Problem>
With the pictures left out, print exactly the lines below that run from the one containing "- If you clicked" through the one containing "ante la portería.".

##############################

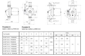 • čerpadlo je monoblokové, bezucpávkové, s elektromotorem chlazeným čerpanou kapalinou
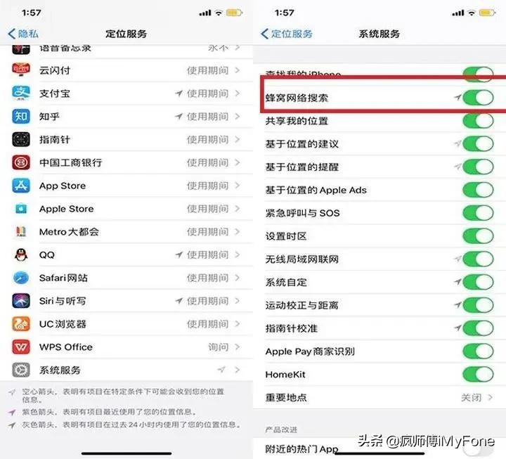 操作指南:【设置】—【隐私】—【定位服务】—【系统服务】—【蜂窝移动网络搜索】
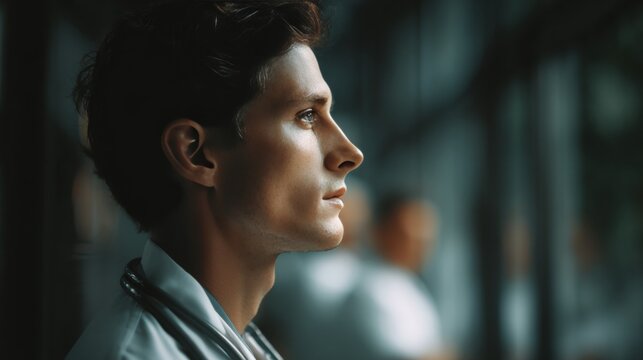 Male with intense gaze, lost in thought. Actor or model portraying a deep contemplative moment.
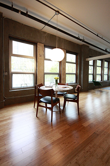 Upon entering Aaron’s house I was struck by how purposeful each piece of furniture and fixture is to the overall space. Located in Portland’s Pearl District, this space was originally built as a warehouse in the 1920s. It underwent an unfortunate makeover in the 80s featuring shabby wall-to-wall carpet and heavy gold drapes to divide up the space. Lucky for Aaron, who is crazy busy with his business, his realtor Shannon also works as an interior designer and consultant, SBaird Design. She understood Aaron’s vision for a minimal, raw space and undertook the mission of converting his new loft to the modern, industrial home it has become. Last year Aaron’s loft was even featured in Oregon Home Magazine!
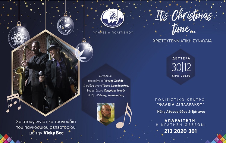 Η συναυλία, στην οποία θα ακουστούν χριστουγεννιάτικα τραγούδια του παγκόσμιου ρεπερτορίου με την Vicky Bee, θα πραγματοποιηθεί στο Πολιτιστικό Κέντρο “Θάλεια Διπλαράκου” την Δευτέρα 30 Δεκεμβρίου και ώρα 20:30.
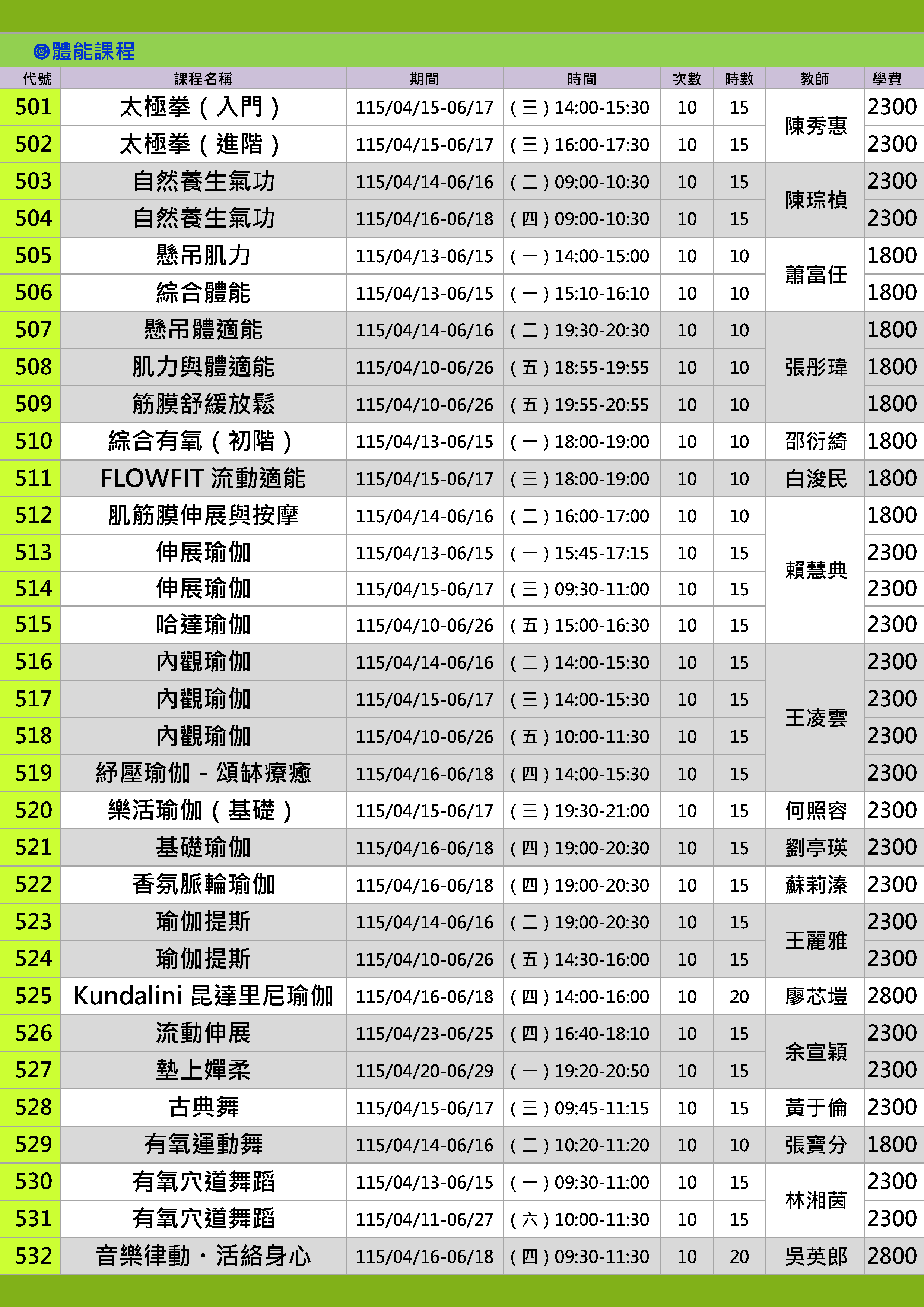 | 78 | CY1152-0525 | Kundalini昆達里尼瑜伽 | 星期四 | 14:00 -16:00 | 招生中 | 04/16 | |
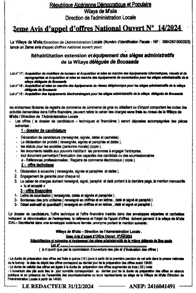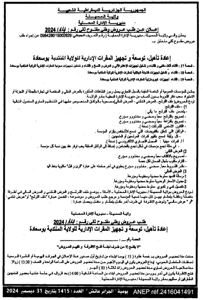 إعلان عن طلب عروض وطني مفتوح ثاني 2024/14/ مديرية الادارة المحلية بولاية المسيلة
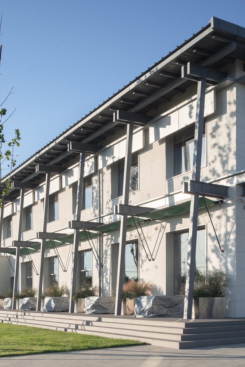 建筑设计采用融合的现代手法,主体结构为轻量、快速的钢结构体系,兼顾经济性与施工效率。通过较大跨度悬挑屋顶、通透的立面处理以及现代材料如复合板材与阳光板的运用,营造简洁、干净、富有禅意的建筑氛围。
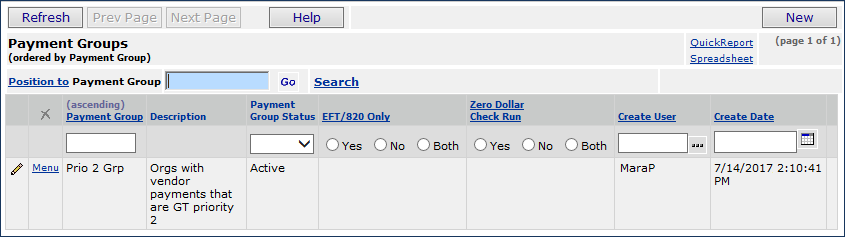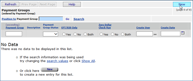 - If you clicked Show All, use the Position To box to find your invoice group in the list.
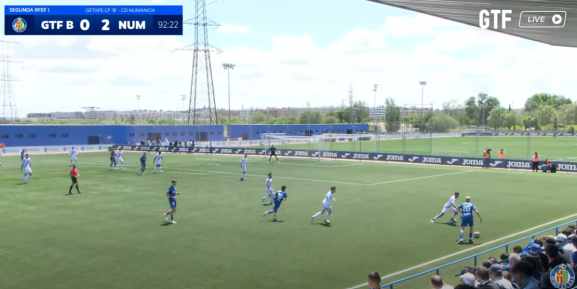 ¡ERROR DEFENSIVO DEL GETAFE B QUE DEJA SOLO A ALAIN RIBEIRO! El balón se le ha ido al mediapunta cuando estaba solo ante la portería.
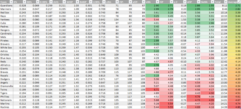 Bullpen SIERA/xFIP/FIP average over the last 30 days (because there’s so much bullpen turnover)
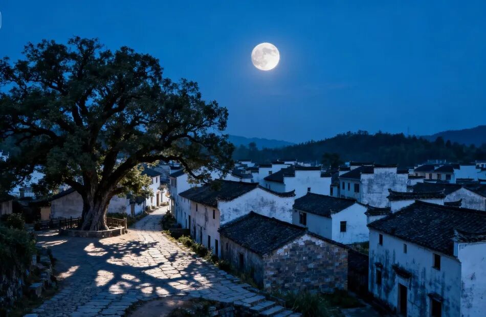 待到夜深,人們紛紛散場,大人喊著孩子的小名,然后拉起他們的小手,準備回家。我又與姥姥走在這巷子里,月光照在每一塊石板上,讓回家的路都變得神圣起來。
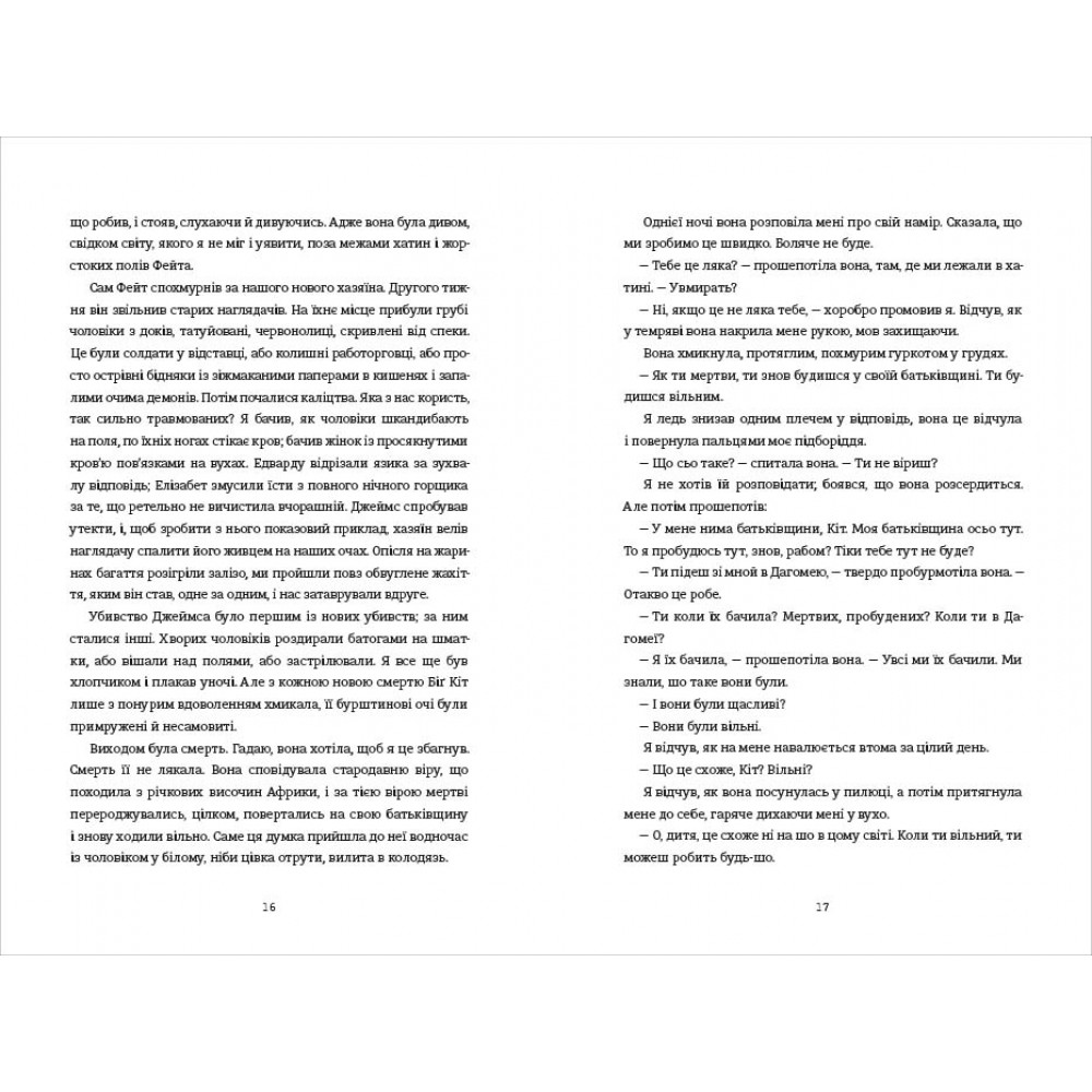 Це роман про свободу і залежність, про рабство у всіх його проявах, про витривалість і силу розуму. Написаний від першої особи, текст вражає глибиною переживань, реалістичними деталями й мовною майстерністю. Перед читачем — епічна розповідь про пошук себе у світі, який спершу не залишає на це жодного шансу.

##############################

Answer box>
 - If you clicked Show All, use the Position To box to find your invoice group in the list.
 ¡ERROR DEFENSIVO DEL GETAFE B QUE DEJA SOLO A ALAIN RIBEIRO! El balón se le ha ido al mediapunta cuando estaba solo ante la portería.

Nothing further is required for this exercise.